### What is required
Among the records below, find the line with "Socket A (OPGA,FSB" and the line with "Experience an effortless". Set down both and every line between, exactly and with no pictures, but nothing else.

*** Records provided ***

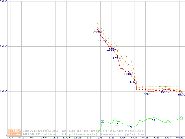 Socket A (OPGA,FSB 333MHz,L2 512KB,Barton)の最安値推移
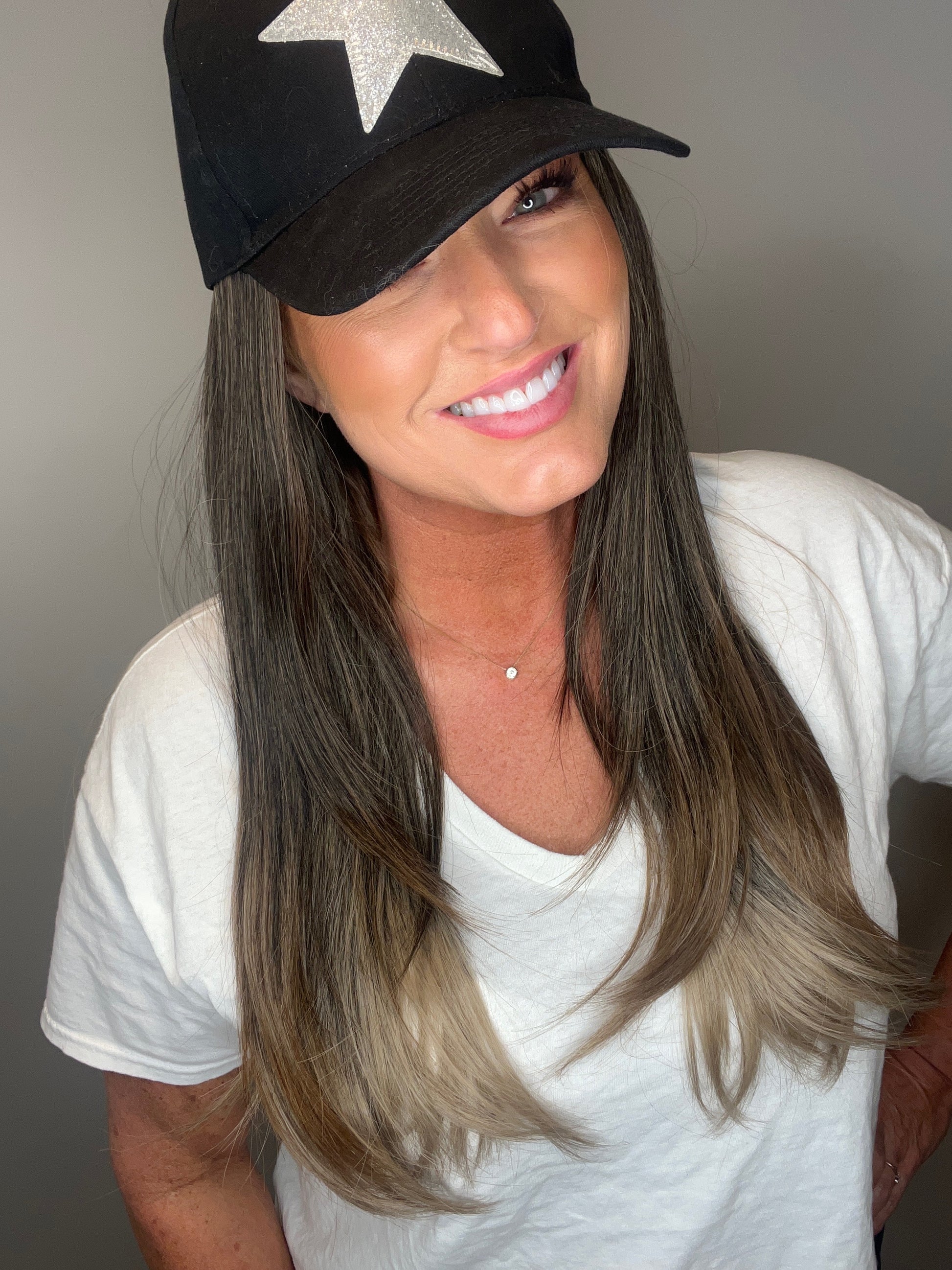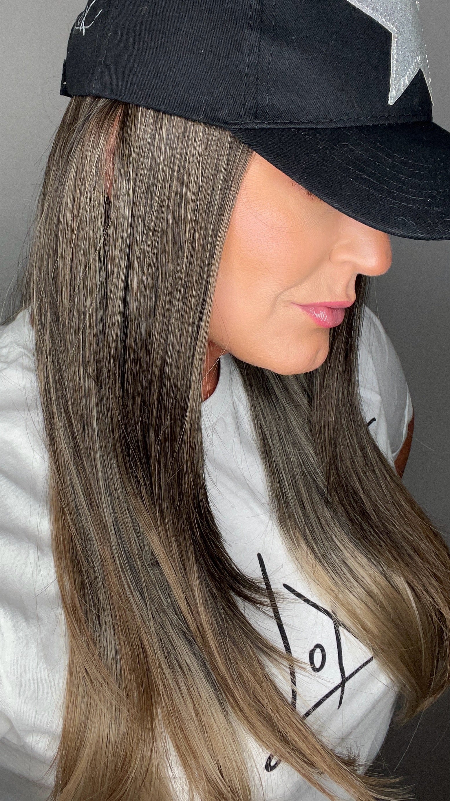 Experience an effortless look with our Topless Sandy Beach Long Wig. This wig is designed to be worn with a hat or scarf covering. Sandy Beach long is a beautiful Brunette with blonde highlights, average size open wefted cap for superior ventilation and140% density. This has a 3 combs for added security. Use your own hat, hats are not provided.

*** End of Records provided ***
*** Records provided ***

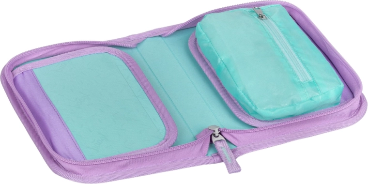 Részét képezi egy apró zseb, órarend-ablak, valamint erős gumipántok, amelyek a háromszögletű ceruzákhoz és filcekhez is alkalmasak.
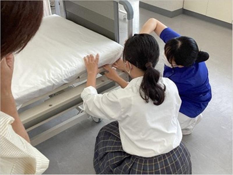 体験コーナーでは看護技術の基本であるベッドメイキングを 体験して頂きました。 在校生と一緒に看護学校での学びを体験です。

*** End of Records provided ***

### Answer
 Socket A (OPGA,FSB 333MHz,L2 512KB,Barton)の最安値推移
 Experience an effortless look with our Topless Sandy Beach Long Wig. This wig is designed to be worn with a hat or scarf covering. Sandy Beach long is a beautiful Brunette with blonde highlights, average size open wefted cap for superior ventilation and140% density. This has a 3 combs for added security. Use your own hat, hats are not provided.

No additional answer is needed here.